Quantum dynamical response prediction faces computational bottlenecks and strong data dependency due to high-dimensional Hilbert-space evolution, while ensuring physical consistency remains challenging. To address this, we propose the Chain of KANs architecture: a time-causal chain of Kolmogorov–Arnold Networks (KANs) integrated with an Ehrenfest-theorem-based physics-informed loss function, enabling interpretable and mathematically rigorous modeling of quantum time evolution. Compared to benchmark models such as temporal convolutional networks (TCNs), our method achieves superior accuracy using only 200 training samples—just 5.4% of the TCN’s requirement—significantly reducing data demand. Moreover, it effectively suppresses spurious oscillations, enhancing generalization and enforcing strict adherence to quantum mechanical constraints. This work establishes a novel paradigm for high-fidelity, small-data quantum dynamical modeling.

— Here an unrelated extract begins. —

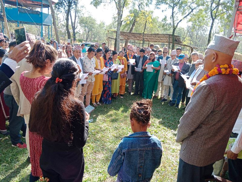 वन समूह परिसरमा नव निर्वाचित अध्यक्ष ख्याम ओली , उपाध्यक्ष ललित बहादुर कार्की , सचिव मान्ता खरेल , सहसचिव केशव सङ्ग्रौला, कोषाध्यक्ष श्रीप्रसाद खरेल साथै १७ वटै टोलका टोल संयोजक र सदस्यहरुलाई निर्वाचन समितिका सदस्य रुपनारायण खतिवडाले सपथ ग्रहण गराए । साथै निर्वाचन समितिका संयोजक टीकाकुमार पोखरेलले नव निर्वाचित अध्यक्ष ख्याम ओलीलाई माइन्युट प्रदान गर्दै पद हस्तान्तरण गराएका थिए । वन समूहको १७ वटै टोलका संयोजकहरु कार्यसमिति सदस्यमा रहने साथै पाँचजना मनोनीत सहित २७ सदस्यीय कार्यसमिति रहने व्यवस्था भएको वन समूहका कार्यालय सचिव नेत्र भट्टराईले जानकारी दिए ।
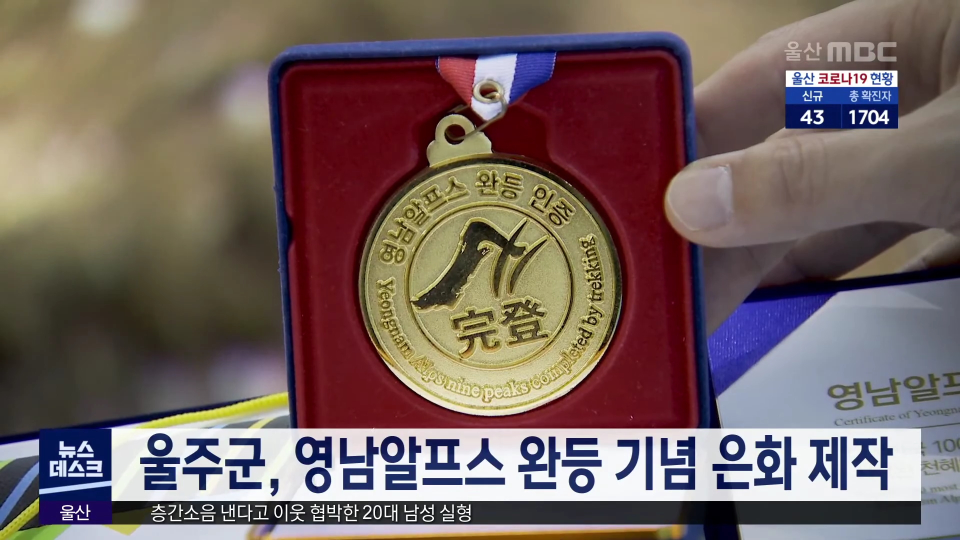 울주군이 올해 영남알프스 완등 인증자에게 증정할 기념 은화 디자인을 확정하고 제작에 들어갔습니다. 올해 기념은화는 가지산을 주제로 했으며 순은 소재에 무게 31.1g, 지름 38mm의 원형입니다. 울주군은 최종 결정된 디자인으로 이달 중 기념 은화 제작에 들어가며, 오는 7월부터 완등 인증자에게 증정할 계획입니다.//

The prediction of quantum dynamical responses lies at the heart of modern physics. Yet, modeling these time-dependent behaviors remains a formidable challenge because quantum systems evolve in high-dimensional Hilbert spaces, often rendering traditional numerical methods computationally prohibitive. While large language models have achieved remarkable success in sequential prediction, quantum dynamics presents a fundamentally different challenge: forecasting the entire temporal evolution of quantum systems rather than merely the next element in a sequence. Existing neural architectures such as recurrent and convolutional networks often require vast training datasets and suffer from spurious oscillations that compromise physical interpretability. In this work, we introduce a fundamentally new approach: Kolmogorov Arnold Networks (KANs) augmented with physics-informed loss functions that enforce the Ehrenfest theorems. Our method achieves superior accuracy with significantly less training data: it requires only 5.4 percent of the samples (200) compared to Temporal Convolution Networks (3,700). We further introduce the Chain of KANs, a novel architecture that embeds temporal causality directly into the model design, making it particularly well-suited for time series modeling. Our results demonstrate that physics-informed KANs offer a compelling advantage over conventional black-box models, maintaining both mathematical rigor and physical consistency while dramatically reducing data requirements.